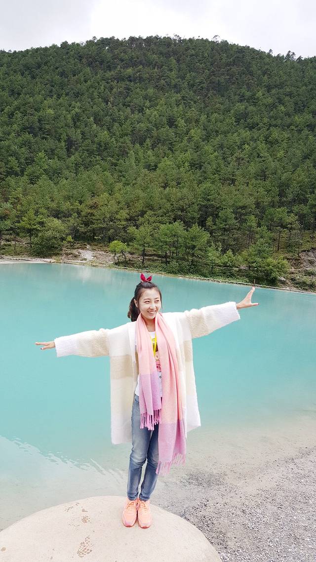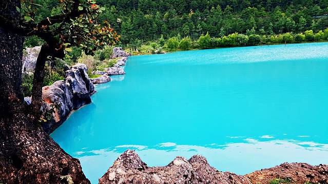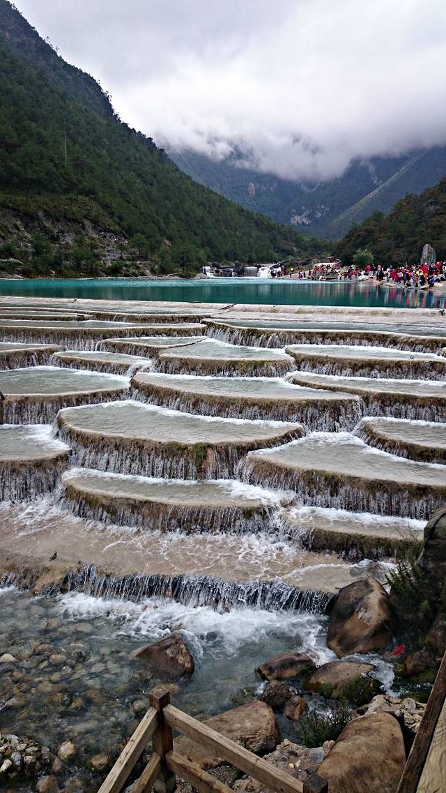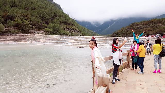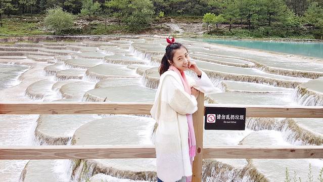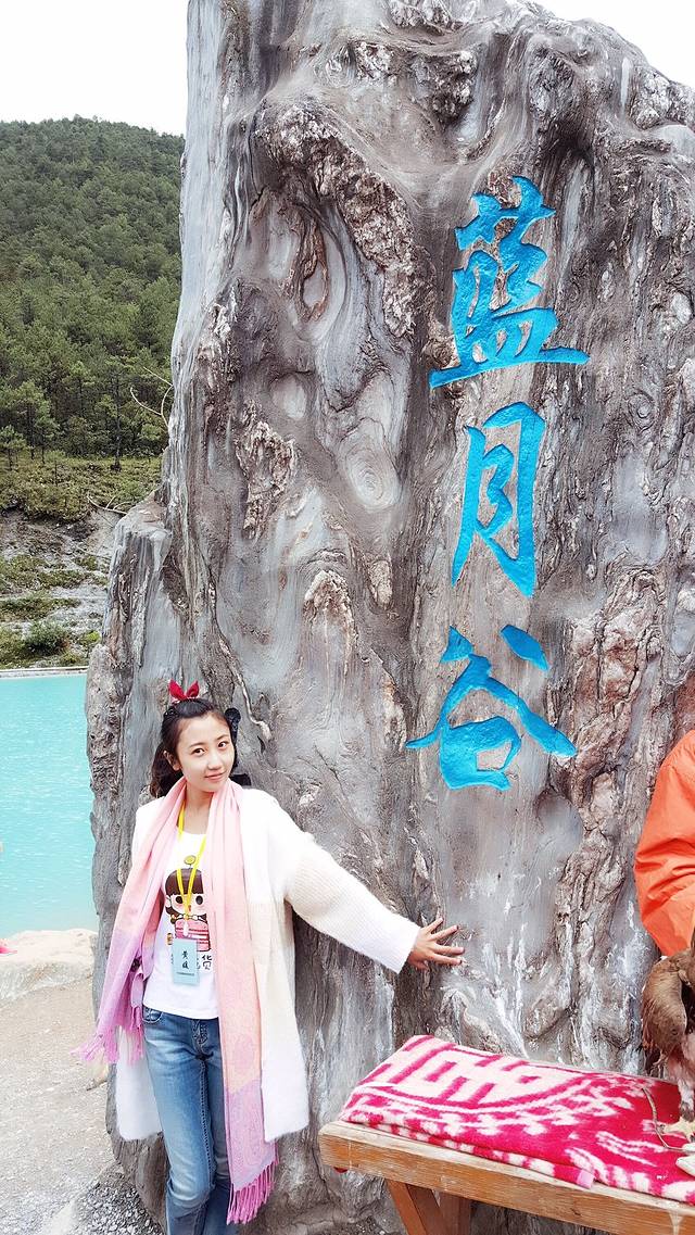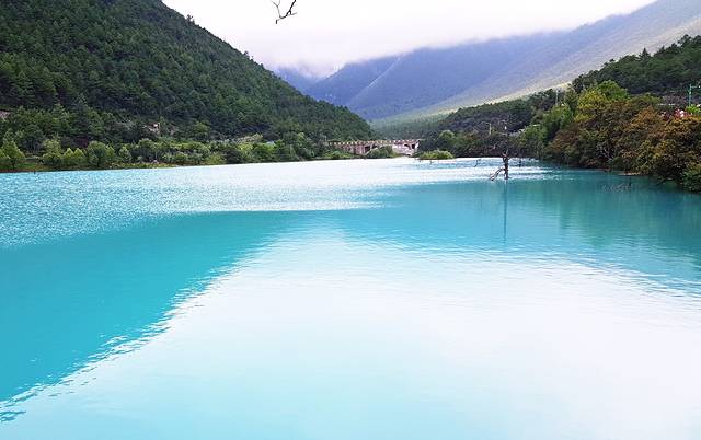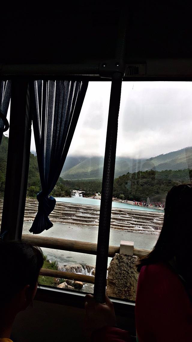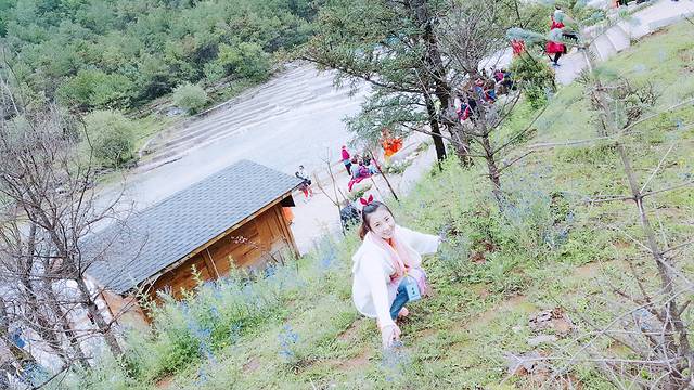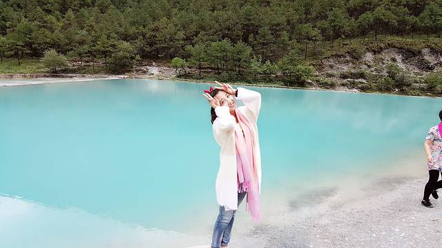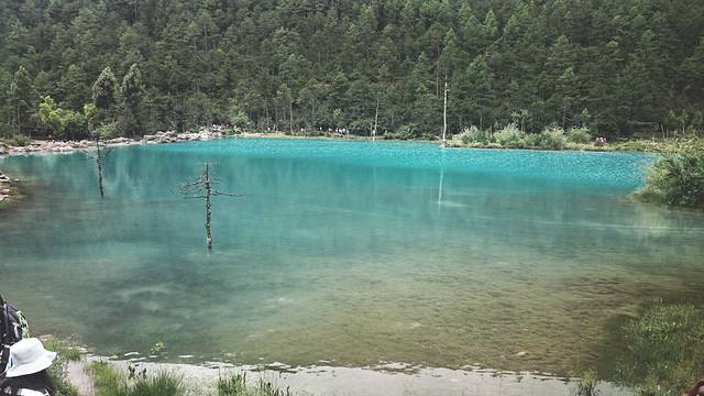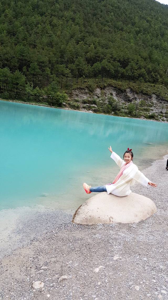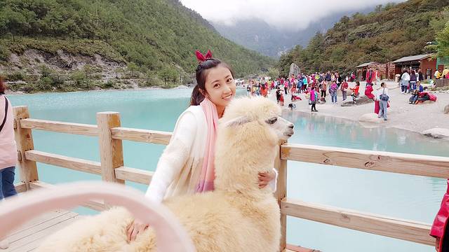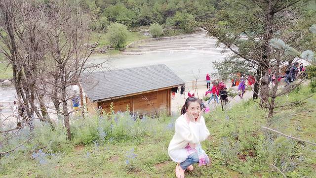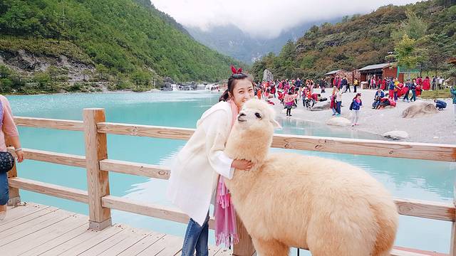 进入景区之后,要坐一段时间摆渡车.先看到一抹蓝,就是蓝月谷.晴天时水的颜色是蓝色,但因为湖底的泥巴是白色的,下雨时水会变成白色,所以又叫白水河。
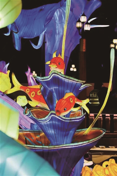 缤纷多彩的鱼群汇聚成游龙回旋之姿,游走在飞檐斗拱之间,将辛弃疾《青玉案·元夕》中所描绘的元夕灯会繁华之景,带到今时今日今宵。
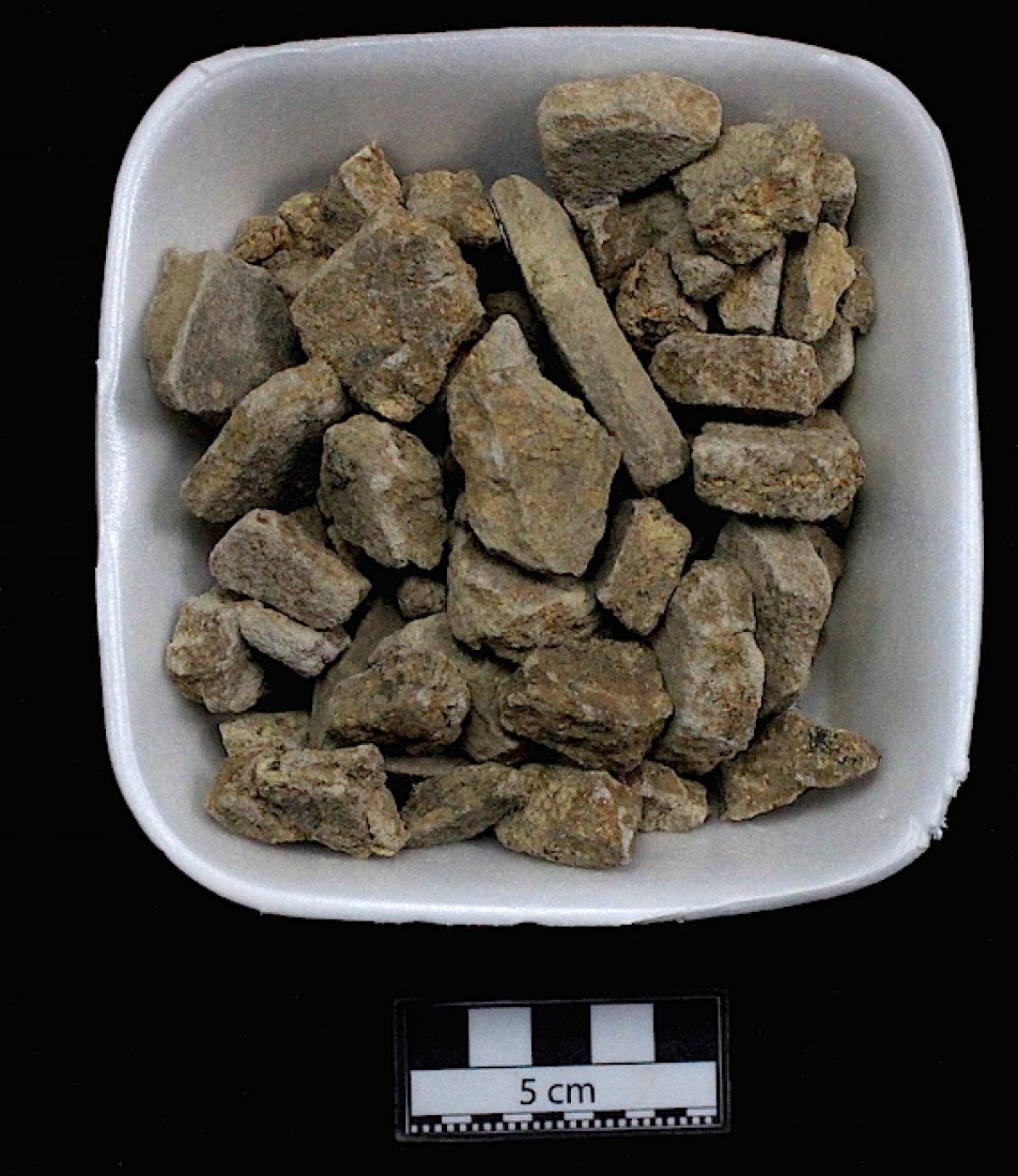 Información del recurso:  Fragmentos de una base de piedra de un espejo de pirita.

WHAT TO WORK ON → Return every line above word for word, minus images.

YOUR RESPONSE →
 进入景区之后,要坐一段时间摆渡车.先看到一抹蓝,就是蓝月谷.晴天时水的颜色是蓝色,但因为湖底的泥巴是白色的,下雨时水会变成白色,所以又叫白水河。
 缤纷多彩的鱼群汇聚成游龙回旋之姿,游走在飞檐斗拱之间,将辛弃疾《青玉案·元夕》中所描绘的元夕灯会繁华之景,带到今时今日今宵。
 Información del recurso:  Fragmentos de una base de piedra de un espejo de pirita.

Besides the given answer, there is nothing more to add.